Kamikaze Girls

Shimotsuma Monogatari

Les premières minutes de Kamikaze Girls sont comme une version live de FLCL. Référence ou copie, le mystère reste entier, mais les mêmes effets sont là : approche graphique et sonore déjantée, effets de mise en scène décalés et bien sentis, couleurs très appuyées et saturation des décors. C’est d’ailleurs Yoko Kanno (Cowboy Bebop, etc.) qui signe la bande sonore. Et en bonus, on nous glisse une petite touche d’animation dans le montage. Ces éléments sont la marque de ce qui fera Kamikaze Girls pendant 1h40 : un délire filmique japonais comme eux seuls en ont le secret.

Inutile de vous faire le pitch du film. D’abord, parce qu’il est quasiment inexistant et ensuite, parce qu’il ne sert qu’à mettre en relief son casting sur-expressif, et en particulier ses deux protagonistes extraterrestres... Il y a donc Momoko, lolita otaku de l’époque française Rococo, qui change de robe de poupées plusieurs fois par séquence et porte des tenues incroyables à la frontière du cosplay. Puis il y a Ichigo / Ichiko, une apprentie bosozoku - yankee qui fait pétarader son scooter, crache comme un mec et fait hurler sa voix cassée. Le film présentera la rencontre et leur étonnante amitié.
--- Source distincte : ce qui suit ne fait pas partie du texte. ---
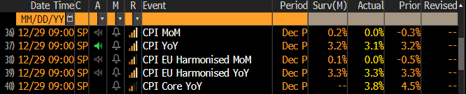 Wstępny odczyt Inflacji CPI w Hiszpanii za grudzień wypadł poniżej oczekiwań. Odczyt wypadł na poziomie 3,1% w ujęciu rocznym (oczekiwano 3,2%), a odczyt w ujęciu miesięcznym wyniósł 0% (oczekiwano 0,2%). Inflacja bazowa wykazuje dosyć gwałtowny zjazd z 4,5% w ujęciu r/r do 3,8%.

Les gonzesses sont interprétées, respectivement, par les airs d’ingénue et la petite bouille de Fukada Kyoko (déjà vue avec plus de seins dans Yama Onna Kabe Onna) et le subtil mélange américano-russo-japonais qu’est Anna Tsuchiya (modèle, chanteuse et actrice de Taste of Tea). Leur look et leurs mimiques très appuyées en général jouent beaucoup dans l’intérêt du film, mais n’oublions pas la brochette de seconds rôles éclatants : Ryoko Shinohara en mère indigne ; Ryuji la licorne (Sadao Abe), sa tronche d’Ôendan et ses chaussures blanches en croco, le bruit que fait le vent autour de lui quand il bouge sa banane ou claque ses santiags ; ou encore Eiko Koike, qui n’a définitivement pas de prix en chef de gang au charisme légendaire. Il fallait oser.

Il n’y a pas grand-chose à dire de plus sur Kamikaze Girls. C’est un délire de mise en scène, de décors et surtout de personnages hauts en couleur. On s’ennuie étonnamment peu dans ce déluge de non-aventures. D’autres y verront une satire sociale kawaii de la jeunesse et la ruralité japonaises, qui cache une fin à la Battle Royale. Parfois rigolo, souvent décalé et toujours dans l’absence de prise de tête, il s’intègre plus que parfaitement dans le cinéma japonais de l’envers.